Св. Августин (354-430 гг.) родился в г. Тагасте, в Африке. Он был, как пишет Трубецкой "сын развратного африканца-язычника и христианской святой", почитаем как "пророк и предтеча средневекового католичества" (Е.Н.Трубецкой[189]), привел впервые в систему всю совокупность верований христианства (Брокгауз), считается родоначальником схоластики (Философская энциклопедия) Трубецкой писал об Августине: "…он не вполне преодолел в себе манихейский дуализм, и единство, которое он противопоставляет последователям Манеса, есть единство насильственное, внешнее. Последнее обстоятельство имело неисчислимые последствия не только для самого Августина, но и для всей той западной формы христианства, которой он был родоначальником и основателем: Индивидуальной свободе он противопоставляет насилие благодати: Божественное единство: Но это – не свободное единство, в котором свободное Божество вступает в союз со свободной тварью, а единство абстрактное, в котором Бог лишь внешним образом господствует над миром, единство принудительное, насильственное"[190].
В период его манихейства, об Августине уважаемый церковью о.Вентура пишет: "...он оставался бедным, малым, темным, бесплодным и ничего не писал, не совершал ничего действительно великого и полезного". Каким он был в период манихейства на самом деле, мы оставим судить отцу Вентуре. Но то, что его вступление в христианство принесло вражду между богословием и наукой, это вне всякого сомнения. Будучи вынужденным признаться, что "возможно, в учениях язычников есть кое-что и божественное, и истинное", он, тем не менее, заявил, что их за суеверие, идолопоклонство и гордость следует "ненавидеть, и если они не исправятся, – наказывать божественным судом". Известный ученый, философ, автор многочисленных трудов по физиологии, химии, физике, а также по истории и философии Джон Уильям Дрейпер говорит: "Никто не сделал больше, чем этот Отец для того, чтобы создать антагонизм между наукой и религией; главным образом, это был он, кто отвел "Библию" в сторону от ее истинного назначения – быть руководством в чистоте жизни – и поставил ее в опасное положение быть судьею человеческих познаний, наглым тираном над человеческим умом. Раз пример был показан – недостатка в последователях уже не было; труды греческих философов были заклеймены как профанические; необыкновенно славные достижения Музея Александрии были упрятаны от взоров облаком невежества, мистицизма..." (History of the conflict between religion and science, 1874, С.62).

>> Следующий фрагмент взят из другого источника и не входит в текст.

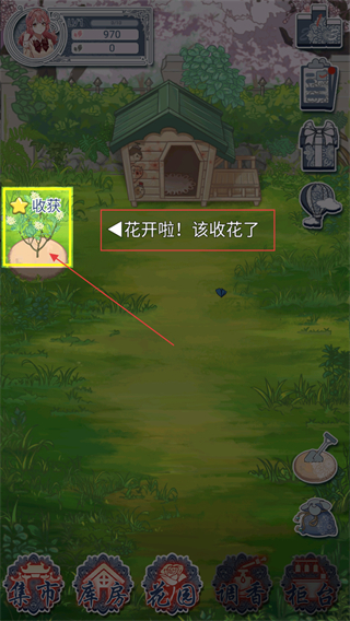 4、当花朵成熟后,点击对应的花朵区域,再点击收获按钮,即可获取种植产出的花朵。

Дрейпер о философии и богословии Августина пишет: "Неужели ради этой нелепой системы, этого продукта невежества и наглости, надо было отказаться от трудов греческих философов" (с.37). Августин пришел к заключению, что не все способны воспринимать слово убеждения, и потому необходимо иногда прибегать к воздействию страхом и наказанием. Августин опирался на пример самого Бога: Он страданиями воспитывает людей; а также на примере родителей: они наказывают своих детей. Переведя из Евангелия слова Христа: "И убеди внити", как "compelle intrare" – понудь их войти (т.е. "понудь" вместо "убеди"), Августин опирался на авторитет Евангелия, проповедуя меры строгости и наказания, хотя это можно было сравнить с советом язычника Мецената – "и понуждай других..."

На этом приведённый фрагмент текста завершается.